§ **Records**:
......

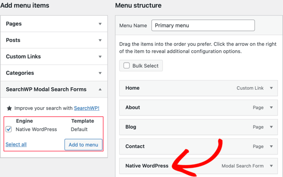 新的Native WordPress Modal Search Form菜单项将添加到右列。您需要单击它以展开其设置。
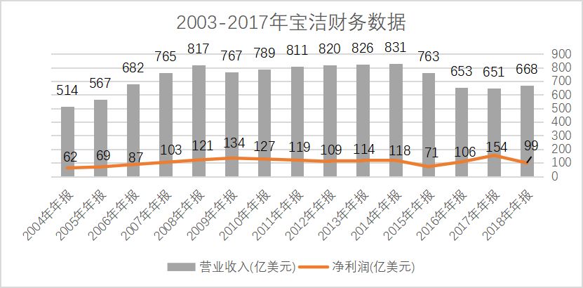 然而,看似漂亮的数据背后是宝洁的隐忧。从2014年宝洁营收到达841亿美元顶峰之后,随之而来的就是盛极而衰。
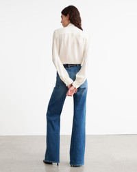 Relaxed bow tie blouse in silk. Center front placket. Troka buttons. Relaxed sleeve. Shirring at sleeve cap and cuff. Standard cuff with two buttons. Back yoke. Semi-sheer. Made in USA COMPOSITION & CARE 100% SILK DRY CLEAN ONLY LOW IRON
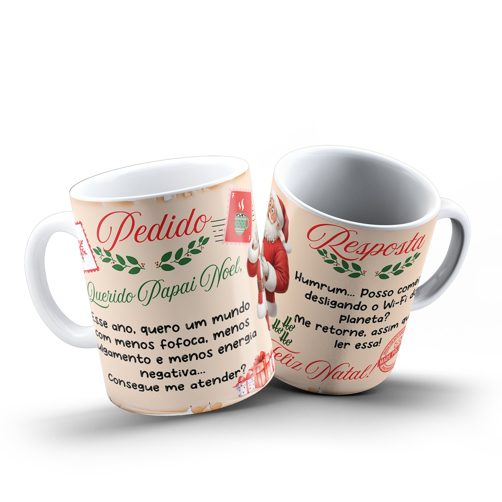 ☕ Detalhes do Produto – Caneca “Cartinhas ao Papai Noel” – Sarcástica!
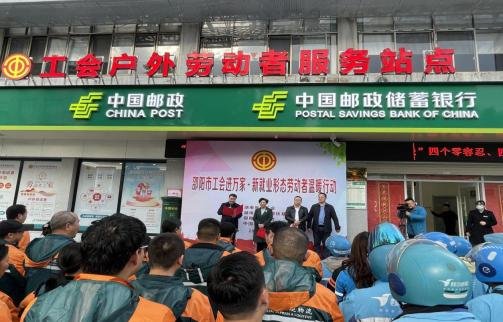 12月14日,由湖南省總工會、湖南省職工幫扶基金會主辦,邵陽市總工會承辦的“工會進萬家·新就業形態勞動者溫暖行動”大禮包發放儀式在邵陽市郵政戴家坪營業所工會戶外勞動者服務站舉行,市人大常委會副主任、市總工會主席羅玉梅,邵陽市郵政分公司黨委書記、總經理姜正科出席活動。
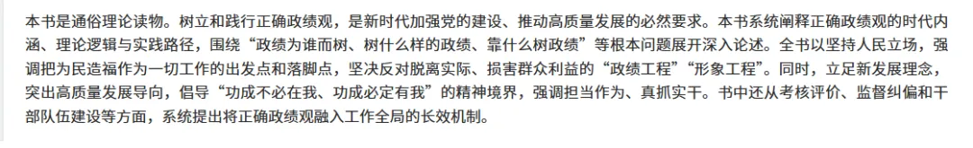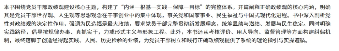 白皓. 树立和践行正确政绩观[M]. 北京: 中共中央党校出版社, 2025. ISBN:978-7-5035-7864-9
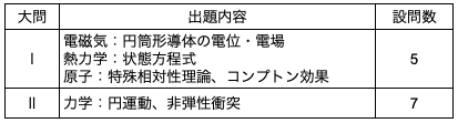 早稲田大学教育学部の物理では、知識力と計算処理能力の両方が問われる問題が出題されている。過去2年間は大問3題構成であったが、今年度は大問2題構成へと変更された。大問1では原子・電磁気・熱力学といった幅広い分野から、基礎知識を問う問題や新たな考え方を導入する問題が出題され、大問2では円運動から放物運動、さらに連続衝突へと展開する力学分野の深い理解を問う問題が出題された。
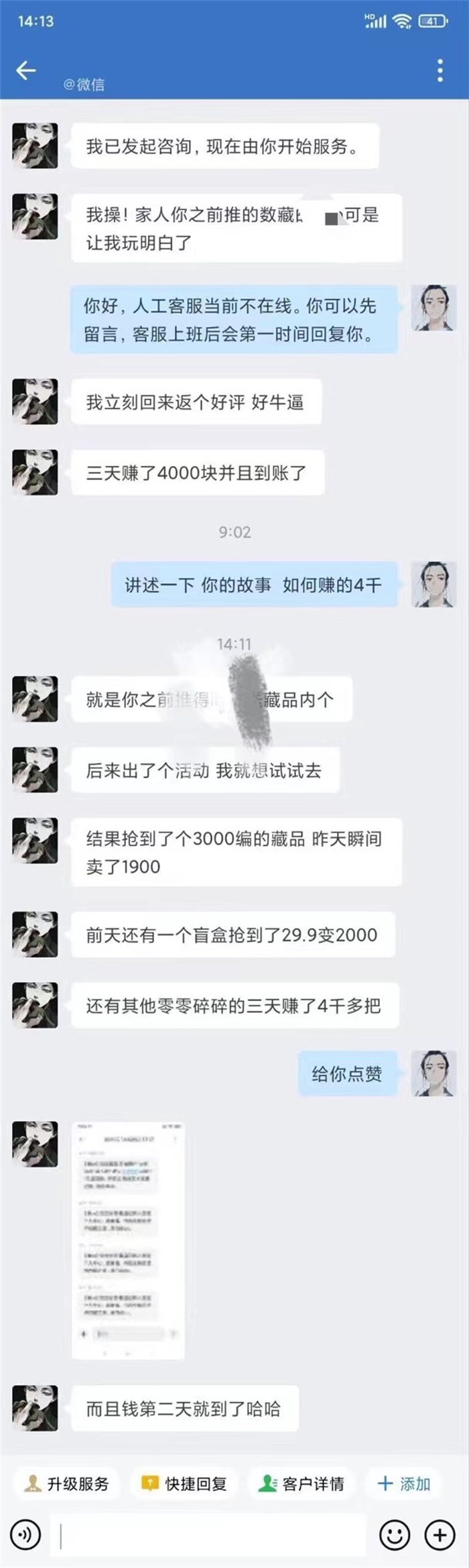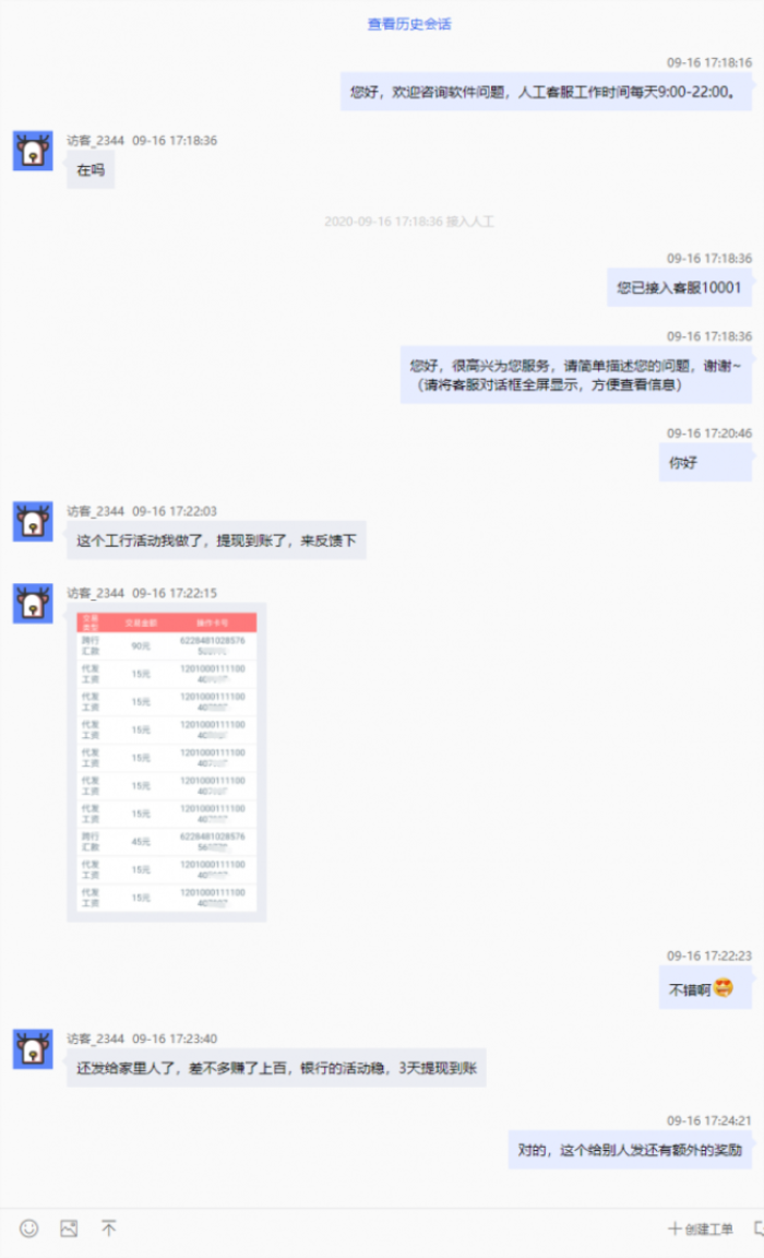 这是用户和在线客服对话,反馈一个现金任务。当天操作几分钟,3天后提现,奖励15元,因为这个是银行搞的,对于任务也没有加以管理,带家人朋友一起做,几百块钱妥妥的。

......

What you return must match the lines above from the one with "12月14日,由湖南省總工會" through the one with "白皓. 树立和践行正确政绩观[M]. 北京: 中共中央党校出版社, 2025." exactly, with both ends included and the pictures excluded.

§ **Completed task**:
 12月14日,由湖南省總工會、湖南省職工幫扶基金會主辦,邵陽市總工會承辦的“工會進萬家·新就業形態勞動者溫暖行動”大禮包發放儀式在邵陽市郵政戴家坪營業所工會戶外勞動者服務站舉行,市人大常委會副主任、市總工會主席羅玉梅,邵陽市郵政分公司黨委書記、總經理姜正科出席活動。
 白皓. 树立和践行正确政绩观[M]. 北京: 中共中央党校出版社, 2025. ISBN:978-7-5035-7864-9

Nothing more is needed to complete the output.